Christopher Holroyd said:
			
		

> ¿Padecer la resaca?


Simplemente: tener resaca.


----------



## oliviaF

tener resaca (lo de padecer es más formal y no he oido a nadie que lo use para decir que tiene resaca)


----------



## Inés06

En España: tener resaca
En Méjico: tener la cruda (citando al ilustre danielfranco )

¡Que alguien amplíe la lista, por favor!


----------



## Magdalenaa

gatitolola said:
			
		

> ¿¿ to BE a hangover / to HAVE a hangover ??


Estar de resaca


----------



## piglet

Today I am HUNGOVER/she is hungover etc (to be a hangover is incorrect)
I have a HANGOVER today.. (actually I had a hangover yesterday / i was very hungover!)


----------



## jagarciu

En colombia tener guayabo!!!!


----------



## akinmd03

También en Venezuela, tener un ratón, en Chile, tener la mona, y en América Central, estar de goma. Creo que muchos países tendrán su propia expresión. En cambio en ingles solamente "I'm hungover" or "I have a hangover."


----------



## gatitolola

entonces, se pueden usar los verbos TO BE y TO HAVE indistintamente, no?

pero... como es: con A o sin?? 
(to be hangover/ to be A hangover; to have hangover/to have A hangover)


----------



## danielfranco

Creo que si necesitas decir "have A hangover".
En inglés también hay otra expresión poco amable (bueno, más bien grosera) para la "resaca": *sh*t-faced*. Y esa si se dice definitivamente con el verbo "to be": "I'm so sh*t-faced, dude!"
Hay varias diferentes, también.


----------



## Borderer

You can say: I AM *hungover* (adjectivo) or I HAVE A *hangover *(nombre).
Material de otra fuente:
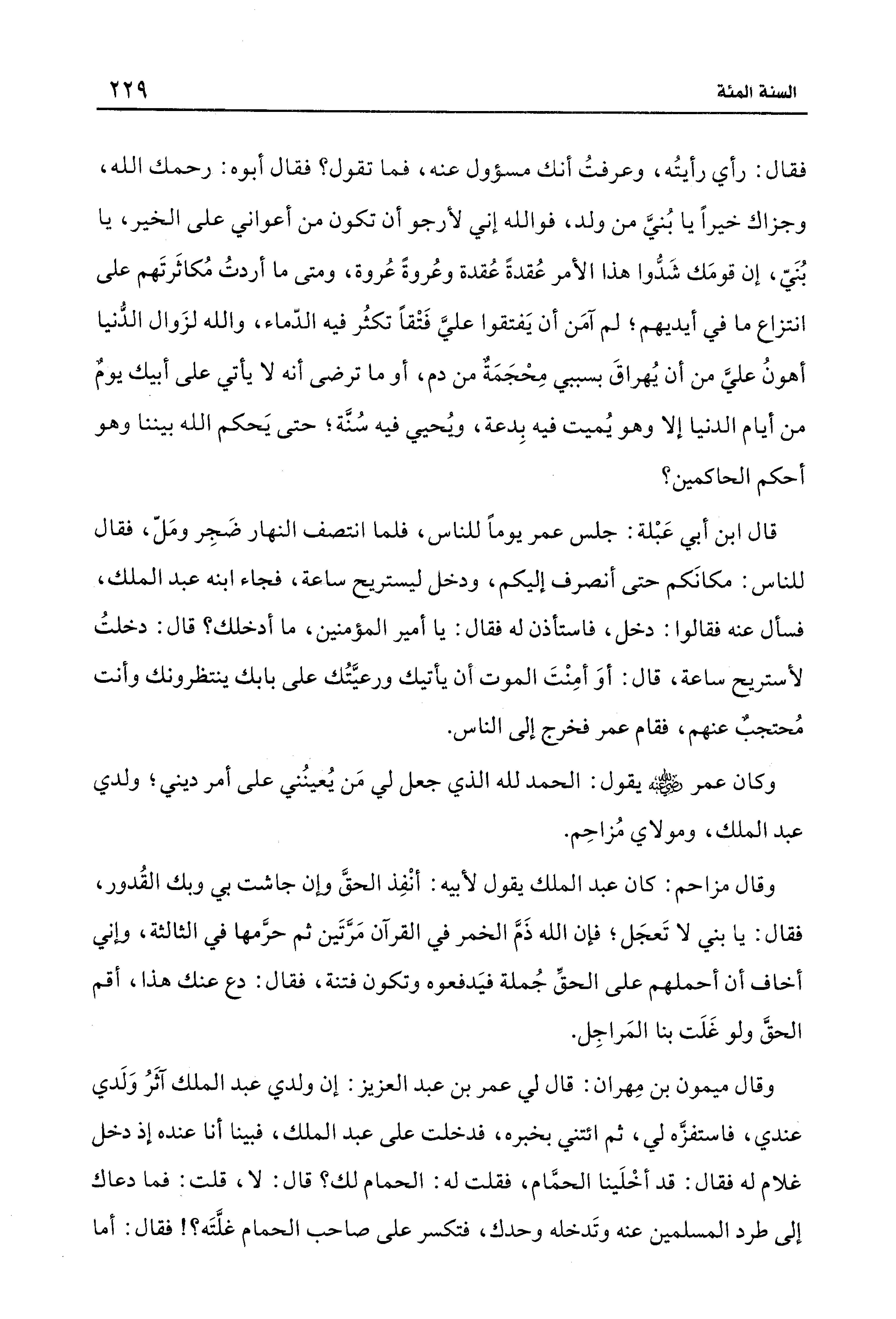 فقال: رأي رأيتُه، وعرفتُ أنك مسؤول عنه، فما تقول؟ فقال أبوه: رحمك الله، وجزاك خيرًا يا بُنيَّ من ولد، فوالله إنِّي لأرجو أن تكون من أعواني على الخير، يا بُنَيّ، إن قومَك شَدُّوا هذا الأمر عُقدةً عُقدة وعُروةً عُروة، ومتى ما أردتُ مُكاثَرتَهم على انتزاع ما في أيديهم؛ لم آمَن أن يَفتقوا عليَّ فَتْقًا تكثُر فيه الدّماء، والله لزَوال الدُّنيا أهونُ عليَّ من أن يُهراقَ بسببي مِحْجَمَةٌ من دم، أو ما ترضى أنَّه لا يأتي على أبيك يومٌ من أيَّام الدُّنيا إلَّا وهو يُميت فيه بِدعة، ويُحيي فيه سُنَّة؛ حتَّى يَحكم الله بيننا وهو أحكم الحاكمين؟

Se puede decir algo *is a hangover* from another era: es algo que perdura en los tiempos modernos.
por ejemplo, cuando copias una carta o email a otra persona, se escribe ccla persona) - que son las iniciales para carbon copy.  This is a *hangover* from the days of typewriters, maquinas de escribir, y el papel carbon que utilizabamos (los viejos!)) para hacer copias.
Espero que me entendeis!


----------



## cirrus

danielfranco said:
			
		

> Creo que si necesitas decir "have A hangover".
> En inglés también hay otra expresión poco amable (bueno, más bien grosera) para la "resaca": *sh*t-faced*. Y esa si se dice definitivamente con el verbo "to be": "I'm so sh*t-faced, dude!"
> Hay varias diferentes, también.


Perdone por incordiar pero en inglés británico to be shitfaced implica estar por las nubes por la cantidad de drogas o alcohol que has tomado. Aún no ha empezado la resaca cuando estás shitfaced/ twatted/ off your head/ off your face.  Cuando por fin amaneces ya estás enguayabado /con resaca.  

In other words only afterwards are you are dehydrated and hungover / have a hangover.  If you want to be polite you could say you have a really bad headache and nausea. 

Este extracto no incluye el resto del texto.